Villa fans of a certain age will know this scene well. You find yourself in the midst of a chaotic playground kickabout with your friends, the ball breaks to you and goalscoring glory is imminent, then reality intervenes and you send the ball high, wide, and entirely off target. What follows is a raucous cacophony of jeers and, of course, cries of “Savo, Savo!”

Savo Milošević became synonymous with missed chances in my youth. He was recognised by many as a comically wasteful centre forward, forever the butt of the joke. Savo was also one of several 90’s Villa players I personally met, at a time when access to top flight footballers was much more readily available.

Savo and I crossed paths in the old Selly Oak Sainsbury’s. As a 7-year-old, spotting Savo just feet away from me was wildly exciting, and within seconds I was in front of him with my moms shopping list and pen asking for an autograph. Savo duly obliged, gave me a thumbs up, and we parted ways. My exhilaration didn’t dissipate for some time afterwards, to the point where I badgered my mom into allowing me to phone into BBC WM with news of my Savo sighting. I’m guessing this was a slow news day as I made it on air! What followed was a farcical section of radio broadcasting where the presenter, possibly Malcom Boyden, enquired as to what Savo was purchasing. 7-year-old me went on to create a fictional shopping list on behalf of the Serbian striker.

This chance encounter and peculiar follow up event left me with an affection for Milošević and a sense of sadness at the mockery he endured.

Savo arrived as a club record £3.5 million striker to form a partnership with Dwight Yorke. He departed three years later in disgrace following the infamous spitting incident at Ewood Park during a 5-0 drubbing by Blackburn Rovers. In between those two bookends of his Villa career, he started with promise, missed plenty of chances, donned a bandana and managed a respectable 33 goals in 117 appearances. Perhaps the most iconic of those 33 is his remarkable strike in Villa’s 1996 League Cup final demolition of Leeds United.

As with any footballer, and indeed person, Savo was a mixed bag.

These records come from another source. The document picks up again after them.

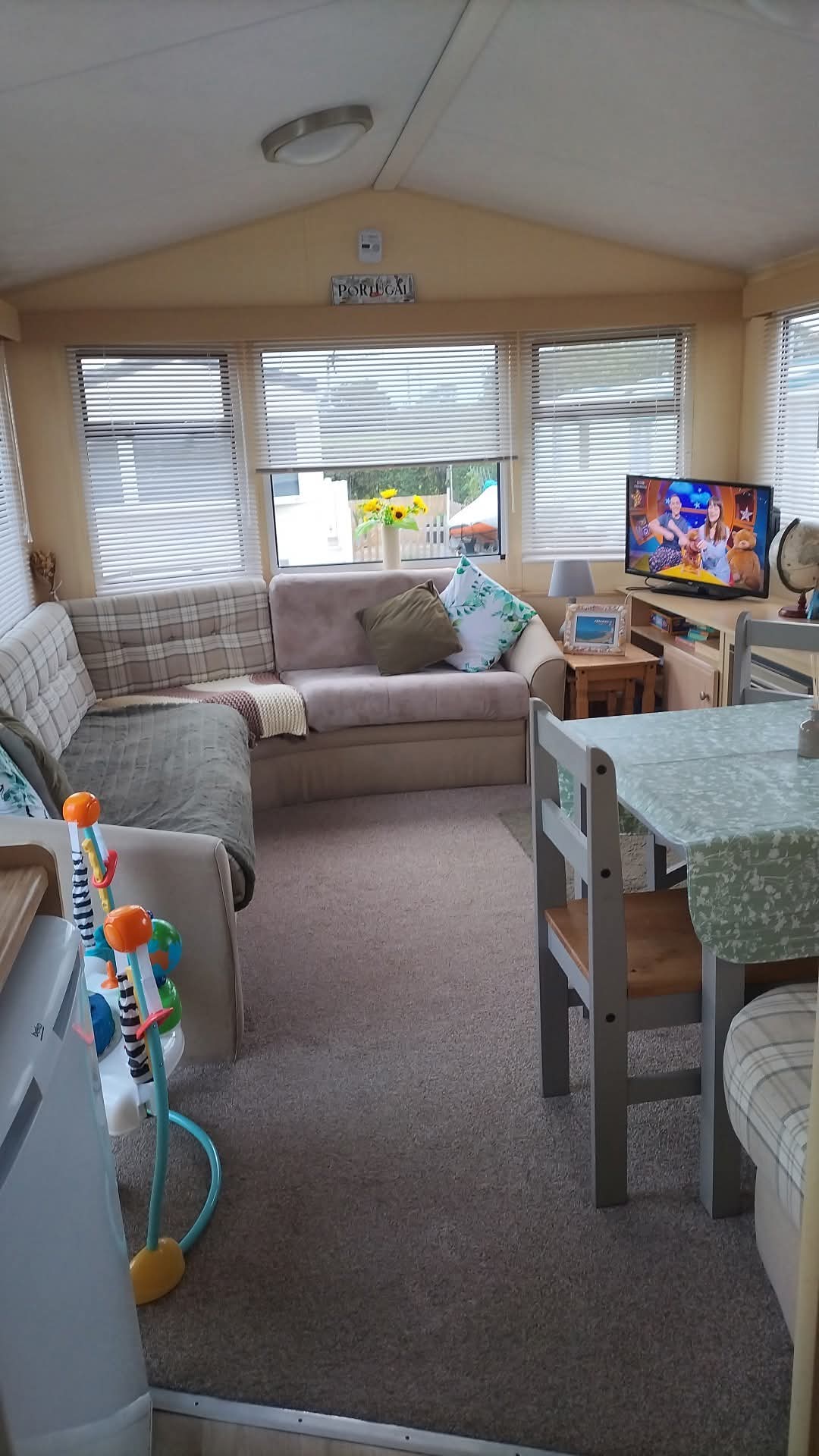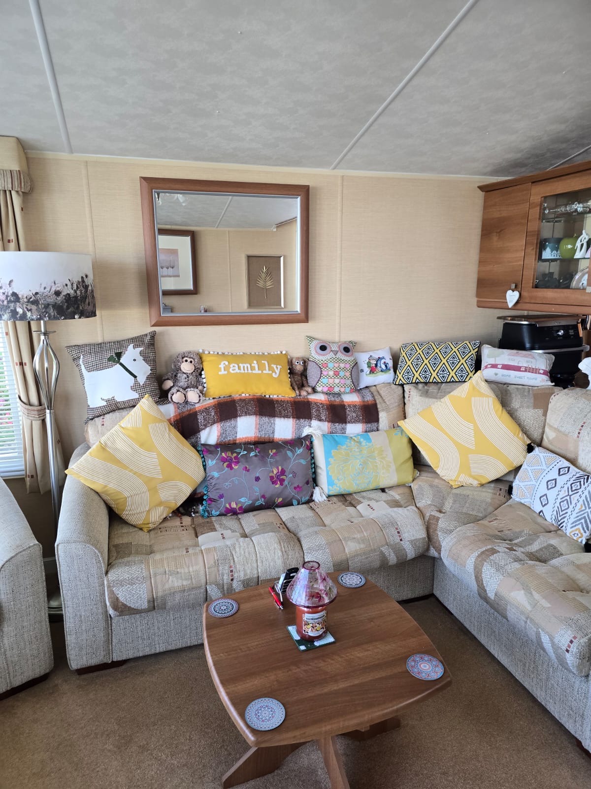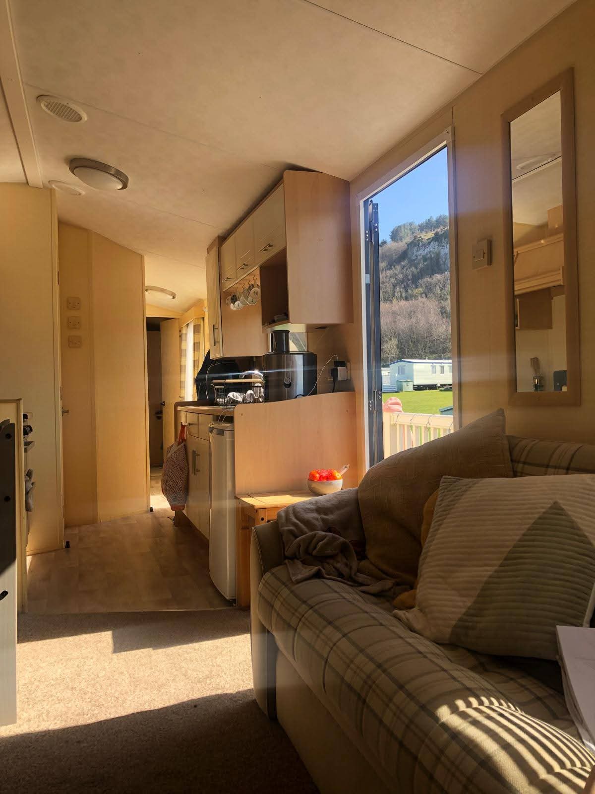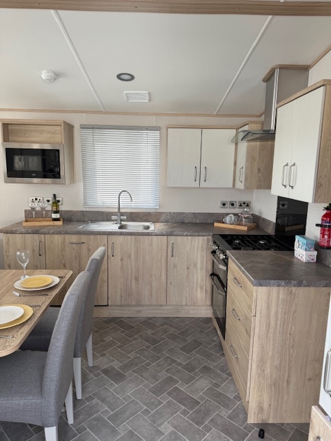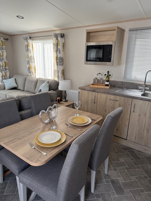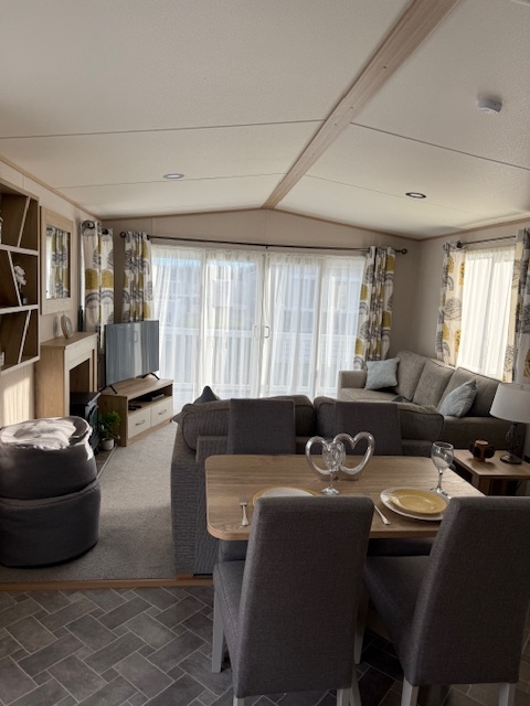 The lounge offers a bright open plan feel with large front windows, plush velvet stye sofas, an electric fire with stylish surround and coffee table, creating a warm homely atmosphere. There are also newly installed venetian blinds throughout and thick luxury curtains. This caravan is double glazed and central heated for the cooler months.
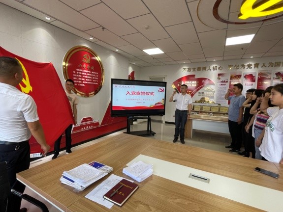 在“七一”來(lái)臨之際,為加強(qiáng)黨員教育、增強(qiáng)黨性觀(guān)念,中科低碳新能源技術(shù)學(xué)院黨總支于2022年6月27日下午在能源樓六樓黨員活動(dòng)室組織開(kāi)展了新黨員入黨宣誓儀式。學(xué)院黨總支全體黨員以及師生預(yù)備黨員參加宣誓儀式。
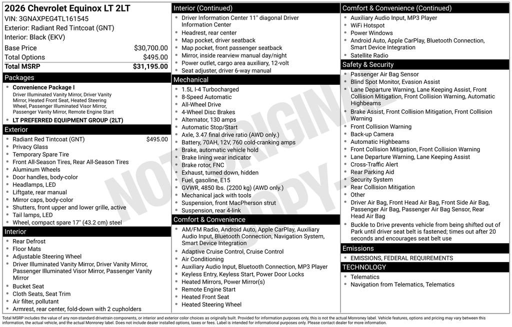Radiant Red Tintcoat 2026 Chevrolet Equinox LT AWD 8-Speed Automatic 1.5L DOHC AWD.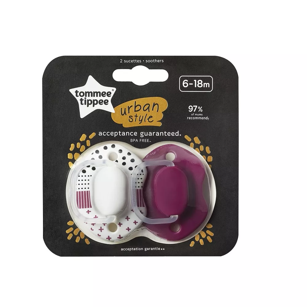 Odkryj wyjątkowe i opatentowane smoczki uspokajające Tommee Tippee Urban, stworzone we współpracy z ekspertami w dziedzinie stomatologii. Zaprojektowane specjalnie, aby delikatnie rozszerzać się w buzi dziecka, wspomagają właściwe ukształtowanie podniebienia oraz prawidłowy rozwój jamy ustnej. Produkt jest idealny dla dzieci w wieku od 6 do 18 miesięcy.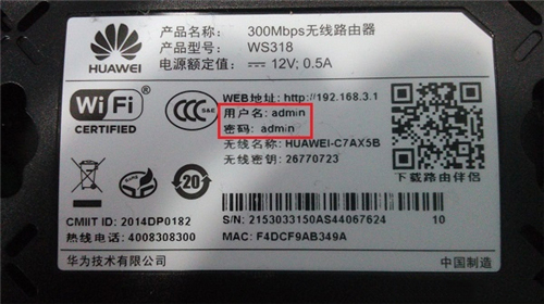 溫馨提示:華為WS318路由器默認登錄密碼是:admin,可以在底部銘牌中查看到,如下圖所示。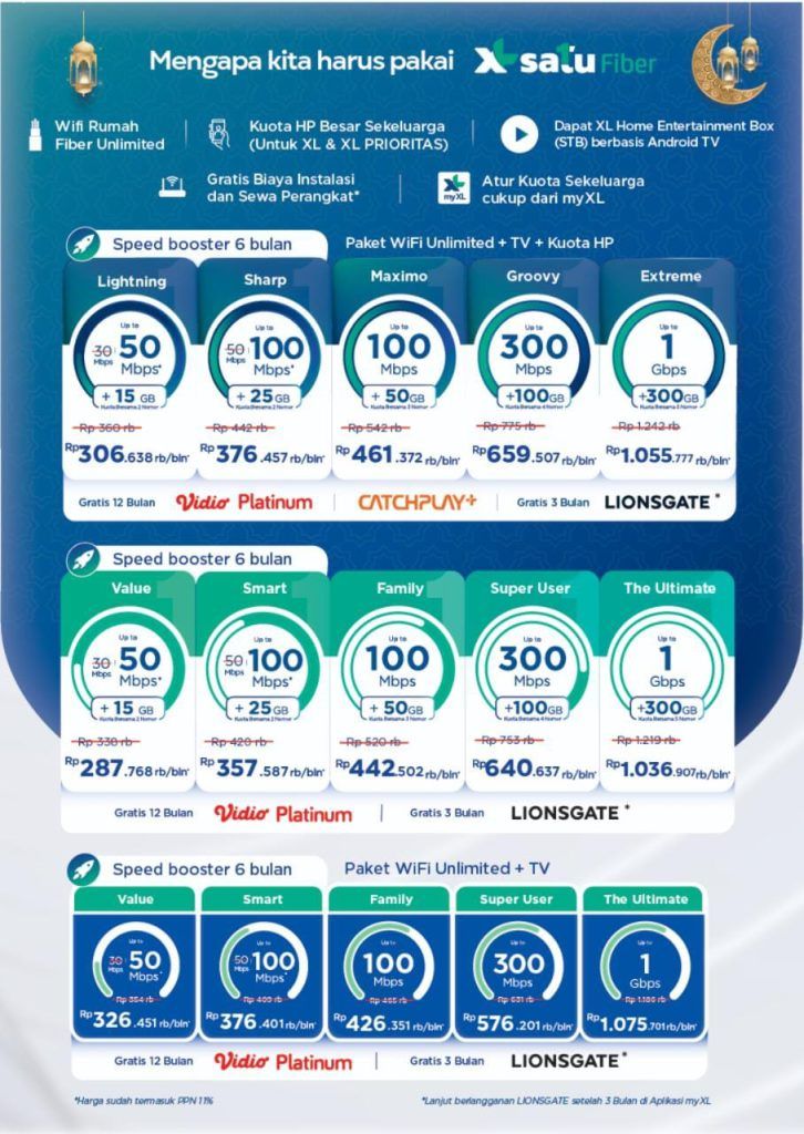 First Media menyediakan layanan internet berbasis kabel dan fiber yang terintegrasi dengan TV berlangganan. Provider ini cocok untuk pengguna rumahan yang menginginkan paket lengkap internet dan hiburan. Kecepatannya cukup kompetitif untuk kebutuhan streaming, browsing, dan aktivitas keluarga, meski ketersediaannya masih terbatas di wilayah perkotaan tertentu.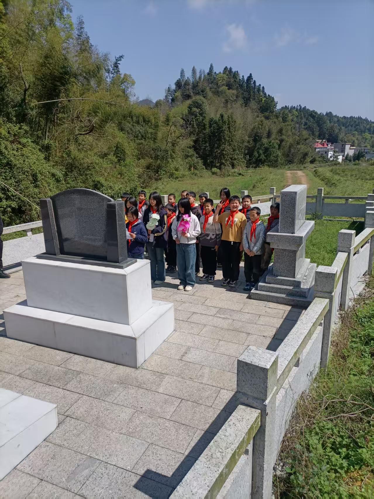 梅花小学组织师生前往梅花山战斗牺牲烈士纪念碑前敬献鲜花,让学生再次接受革命传统教育,进一步加深了对梅花山战斗历史的理解。在祭扫现场,尹校长以梅花山战斗史实为素材,要求每位学生撰写一篇纪念文章,留存永恒的怀念。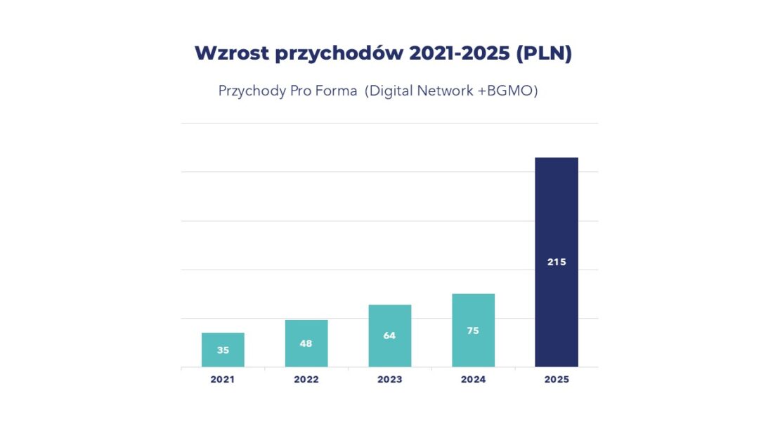 Kilka dni wcześniej Digital Network opublikował wstępne dane finansowe za 2025 rok. Skonsolidowane przychody wzrosły o 51% r/r, osiągając 112,9 mln zł. Wyniki te uwzględniają jedynie dwumiesięczny wkład Braughmana, który samodzielnie wygenerował w 2025 roku blisko 130 mln zł przychodów.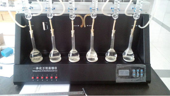 智能一體化蒸餾儀主要由加熱裝置、蒸餾裝置、循環冷卻水裝置和接收裝置四部分組成。加熱裝置設置了加熱速率智能控制功能,可實現加熱溫度和加熱效率精密控制;蒸餾裝置為專利性設計,蒸餾效率高、冷凝效果好;循環冷卻裝置設置了冷卻溫度顯示和控制功能,可確保冷卻效果。接收裝置設置了蒸餾終點檢測和自動停止加熱功能,實現了智能加熱控制。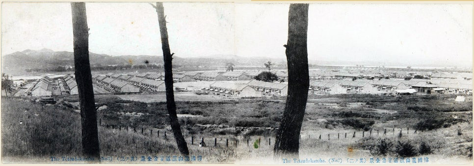 삼각지(三角地)에 인접한 남쪽 언덕 위에서 용산 일대의 시가지 전경을 파노라마 형태로 담은 4매 연속 사진엽서 중 하나로 일본군 병영지가 막 조성되던 초창기 무렵의 풍경입니다. 중앙에서 약간 오른쪽으로 지붕이 이중으로 솟아있는 건물은 용산정거장(龍山停車場) 역사이고, 오른쪽 끝 한강을 배경으로 여러 채의 지붕이 있는 곳은 용산철도공장(龍山鐵道工場)입니다. 왼쪽 끝에 여러 채의 밝은 색 지붕들이 모여 있는 곳은 철도국관사(鐵道局官舍) 구역이며, 그 오른쪽의 검은색 돔 지붕이 있는 건물은 용산우편국(龍山郵便局)이다.

A fallible human being as much as anyone else, he was also a talented footballer capable of the sublime and the ridiculous in equal measure. Brian Little, who brought Milošević to B6 during his reign, speaks fondly of him, describing him as a good trainer and an effective partner for Dwight Yorke.

“You did little passing drills that players hate and he was on his toes doing it right.

He was a very important part of my team. I wanted a left footed striker to play with Dwight, that’s what I wanted and the balance was perfect.

“I cant help do anything other than defend him. ‘Great’ is perhaps an exaggeration but I thought he did a good job for us.

Savo is a divisive figure amongst the Villa Park faithful. Some have fond memories, while others are steadfast in their opinion of him as a profligate forward who departed in ignominy.

It is a shame that the nail in the coffin for Savo and his Villa career was his spit of frustration at Ewood Park. His disappointing exit became more frustrating when he went on to resurrect that career, largely in Spain, winding up with almost 200 club goals and a solid international career.

One thing is for certain, for good or bad, Savo is a cult figure at our club and one who will live long in our memory. Up the Villa!